# Venatus...is the greatest!



## Buckeyedude (Aug 7, 2022)

Smoked a venison ham roast on the camp chef.  Used apple pellets.  I brined the ham the day before, then smothered in mustard and coated with my rub.  Cooked on high smoke at 235 until IT was 135°.  Let rest for a bit, then sliced it up for sammiches.  Turned out very delicious!  Can't wait for season to get here, but in the meantime, I'll just keep rationing what we have left of our venison supply.  I always try to stretch it out just about right, but this year, I might have to do a "jerky dump" lol!


----------



## tbern (Aug 7, 2022)

Looks delicious!!  How close did the 2 temp probes track to each other? Left one is the camp chef, correct? What is the right one?


----------



## indaswamp (Aug 7, 2022)

Nicely done!! I like it!


----------



## Danblacksher (Aug 7, 2022)

That looks amazing did you use a deli meat slicer to get slices that thin?


----------



## Buckeyedude (Aug 7, 2022)

tbern said:


> Looks delicious!!  How close did the 2 temp probes track to each other? Left one is the camp chef, correct? What is the right one?
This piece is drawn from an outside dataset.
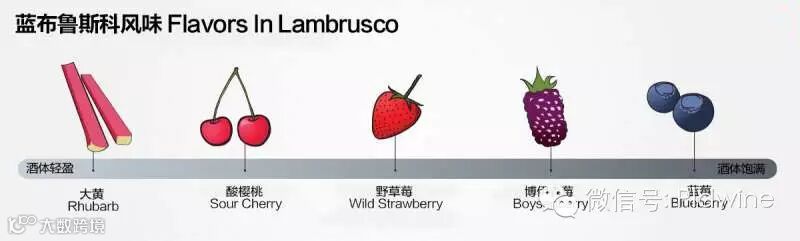 蓝布鲁斯科葡萄酒的风格多样,既可以酿出干型酒也可以酿出甜型酒,既可以酿出颜色淡、充满草莓味的起泡酒,又可以酿出颜色深浓、充满蓝莓味的起泡酒。

The right one is a govee.  I like to run 2 different ones to keep an eye on stuff, plus I have just recently started using my camp chef 24.  It's pellet and I'm use to an electric master built.  So I feel better having more probes and at times there is much  much more going on.  As for how close they read to each other, in this roast, it was literally identical.  Maybe 1-2 °difference.


----------



## Buckeyedude (Aug 7, 2022)

Danblacksher said:


> That looks amazing did you use a deli meat slicer to get slices that thin?
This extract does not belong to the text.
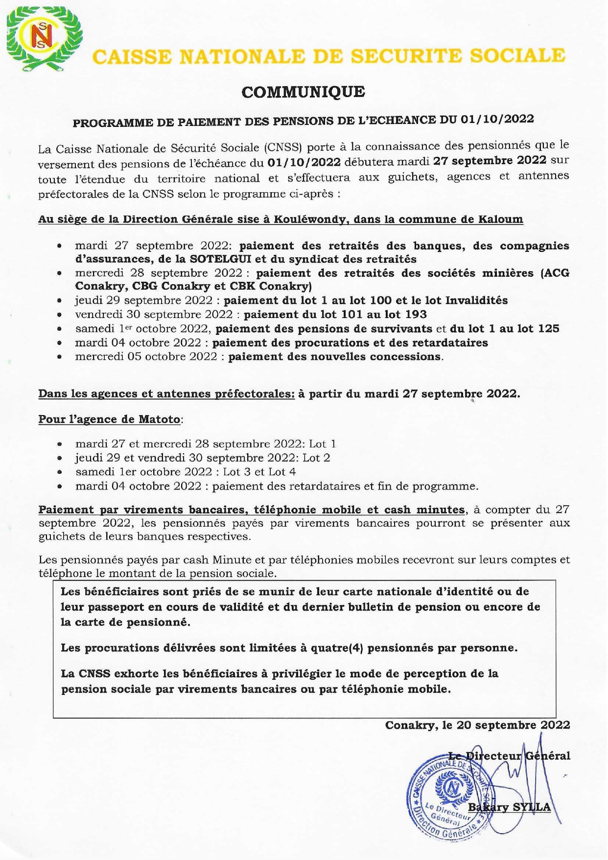 CNSS : Programme de paiement des pensions de l’échéance du 1er octobre 2022 Annonces Last updated Sep 20, 2022 0 Share 0 Share

I have a Cabela's meat slicer.  It's not great, but it gets the job done.  I mainly use it when I do stuff like this, goose pastrami and slicing up bulk cheese!


----------



## tbern (Aug 7, 2022)

Very nice that they were so close! I have the camp chef woodwind 24 myself. Working very good for the last 2+ years now.


----------



## millerbuilds (Aug 7, 2022)

Looks awesome!  I try and make it so that my freezer is empty come fall.  This year it is looking like we might need to speed things up.

- Jason


----------



## Danblacksher (Aug 7, 2022)

I want a meat slicer!


----------



## Buckeyedude (Aug 7, 2022)

tbern said:


> Very nice that they were so close! I have the camp chef woodwind 24 myself. Working very good for the last 2+ years now.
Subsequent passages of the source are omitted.